东星斑上来得晚,没动几筷子大家就都不吃了。眼瞅着该散席结账了,周振国心下一盘算,猛地打了个激灵:意外杀出条东星斑,身上的钱怕就不够了。但当着李金良,他又不好向人借钱,因为太掉价了。
他正不知如何是好,餐厅经理进来说:“刚才服务员不慎弄脏了您的衣服,为表歉意,这个单我们打七折!”好家伙,真是老天照应,让他逃过了此劫。
吃过饭有人请K歌,周振国便随众人到了楼下,却发现少了李金良。他返回包间一看,发现李金良正和服务员一起打包那条吃剩的东星斑。
嘿,终于露出穷酸相了。周振国暗笑,自己虽然不常吃这种名贵鱼,但也绝对干不出打包剩菜这种有失身份的事。李金良有些讪讪地说:“振国,我还有事,就不去唱歌了。这条鱼还剩不少,你带回去吧。”
周振国连连摇头:“吃剩下的就不要了,那我就先走了,改天去你店里看看。”他想,今天是把李金良彻底镇住了,瞧他现在连K歌都不敢去了。
三、
唱完歌回来天已黑透,周振国心里这个高兴,终于在李金良面前,把多年前输了的场子找回来了。他哼着小曲,刚打开家门,就闻到一股浓郁的异香。周老爷子正在厨房里忙活着,边起锅边说:“天刚擦黑,金良给我送来了东星楼的东星斑。我本想留着等你回来明天吃,可又受不了那个香味,就爬起来热热,想先吃两口过过馋瘾。”
周振国一听,心里有点火,李金良这小子还真不识趣,竟把那条打包鱼送到自己家里来了。这是为了讨好老爷子,还是有意恶心他呢?
周振国急了,吼出了声:“爸,吃剩的鱼不干净!”老爷子不解地说:“明明全须全尾啊。”

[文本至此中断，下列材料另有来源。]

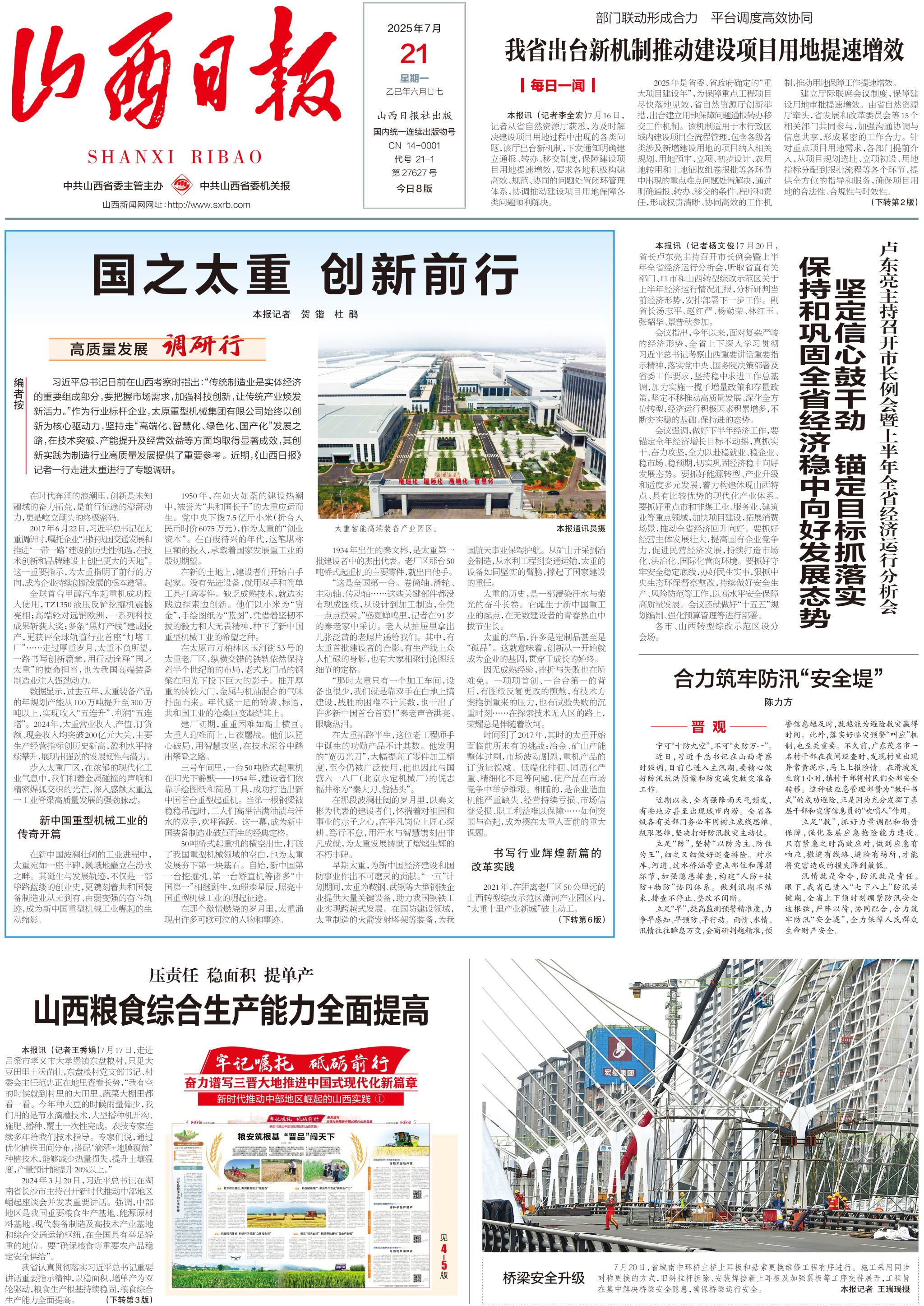 今日,山西日报【高质量发展调研行】专栏刊发重磅文章《国之太重 创新前行》,头版头条深度聚焦“共和国长子”奋进足迹,触摸七十载不变的强国初心,展示新时代太重奔涌不息的创新脉动!

周振国一听忙探过头一瞅,腾腾的热气中,果然是比那条打包鱼稍小些的整鱼。这也要两千多元,李金良这又是为什么呢?周振国心头疑云一起,就觉得这事有些不简单,于是拨通了李金良的手机号,小心地问:“金良,你什么意思?”
李金良那边好像有些不好意思,打着哈哈说:“振国,你别见怪。鱼呢,是我们店里的,我送周叔尝个鲜。”
“你们店也有东星斑?”周振国糊涂了,“那你打包那条鱼干啥?”李金良一笑说:“哎,振国,其实,我就是东星楼的新东家。”
要说,李金良也不是故意隐瞒。他原先从小店做起,慢慢生意越做越大,最近就盘下了经营不善的东星楼。可接手后,发现原有的招牌菜东星斑,与传说中的口味差了不少。今天他特意开着采购处的破车,去各个海鲜市场转悠,想看看是否是食材来源上出了问题。与周振国不期而遇后,见对方误会了自己的身份,怕扫了对方的兴,当众引起不必要的难堪,他就一直没说实话。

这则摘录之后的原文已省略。